- Wolverhampton England

Information
- School type: Secondary School
- Established: 1951
- Closed: 2019
- Gender: Co-educational
- Age: 11 to 18

= Northicote School =

School in the United Kingdom

Northicote School was a co-educational secondary school located in the city Wolverhampton, West Midlands, England.

== History ==

=== Founding ===
Plans to build the school began in 1948. It was opened as a Secondary Modern School in 1951, in the reign of King George VI. The age range of the school was 11 to 18. It had specialist status in mathematics and computing.

=== Ofsted Inspection ===
It was the first school in Britain to be condemned as "failing" by Ofsted in 1993, but within two years was transformed into a successful school – a remarkable turnaround that saw head teacher Geoff Hampton knighted for his services to education in 1998. Sir Geoff then departed for a professor's role at University of Wolverhampton. The last headteacher of the school was Mr R. Davis.

=== Merger ===
The Northicote School was built as a bilateral school, having both secondary modern and grammar streams during the 1950s to serve the expanding Bushbury area of Wolverhampton, though during the 1970s it converted to a comprehensive school. The school was informed in 2007 that it was being merged with Pendeford Business and Enterprise College to form an academy under controversial plans.

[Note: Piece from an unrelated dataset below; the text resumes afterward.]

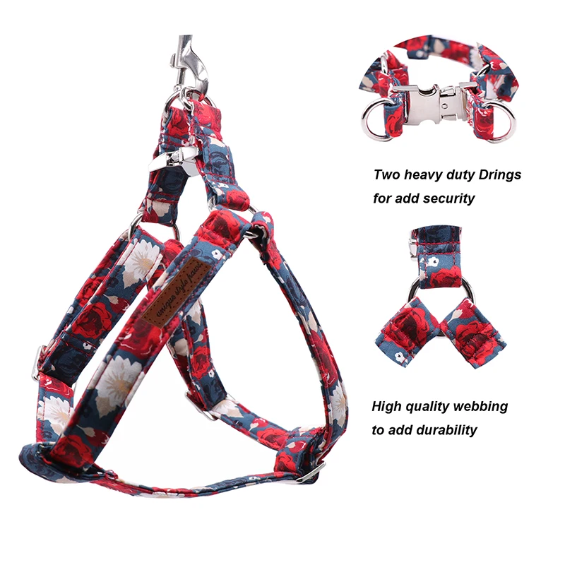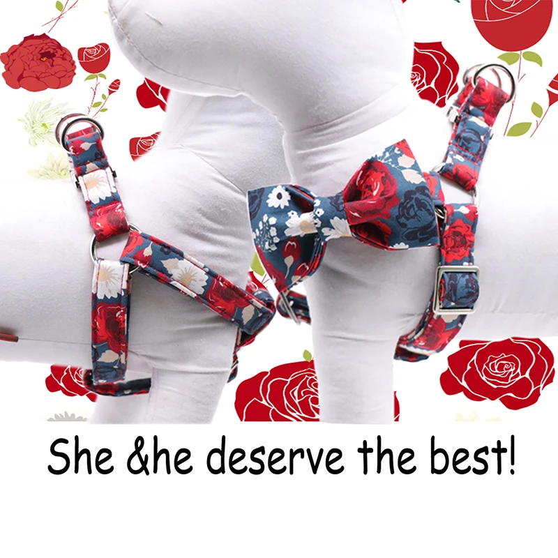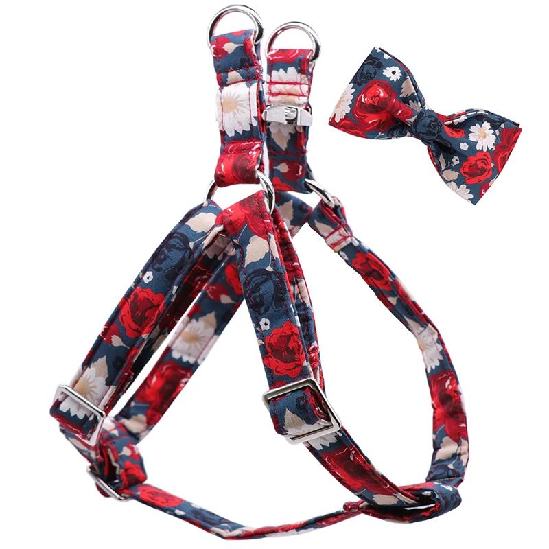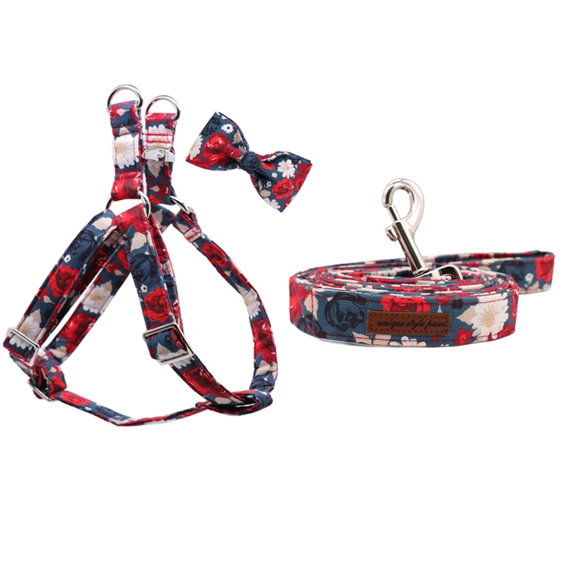 Хлопковая поводок для собак с красными цветами и бантом, базовый поводок для собак, Регулируемая пряжка, товары для домашних животных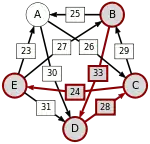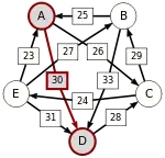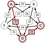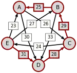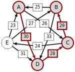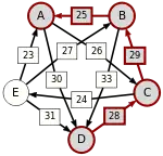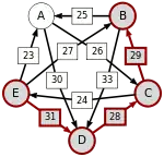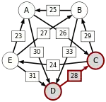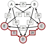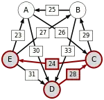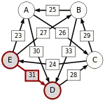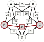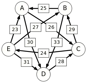 Сила пути — это сила его слабейшего звена (критическое звено). Пути, каждый переход в которых удовлетворяет d[X, Y] > d[Y, X] можно построить, пользуясь следующими кусочками последовательностей AC, AD, BA, BD, CB, CE, DC, EA, EB, ED.

In the academic year 2010–11 the school merged with Pendeford Business and Enterprise College to become the North East Wolverhampton Academy. The combined school was originally located over both former school sites before relocating to a newly constructed and refurbished campus in September 2014 at the former Pendeford Business and Enterprise College site. Northicote Campus was subsequently demolished in 2019 although a few months later contractors working for the council repainted the "School Keep Clear" markings outside the former site. New houses have since been constructed on the land, today they are Blackthorne Drive and Juniper Avenue.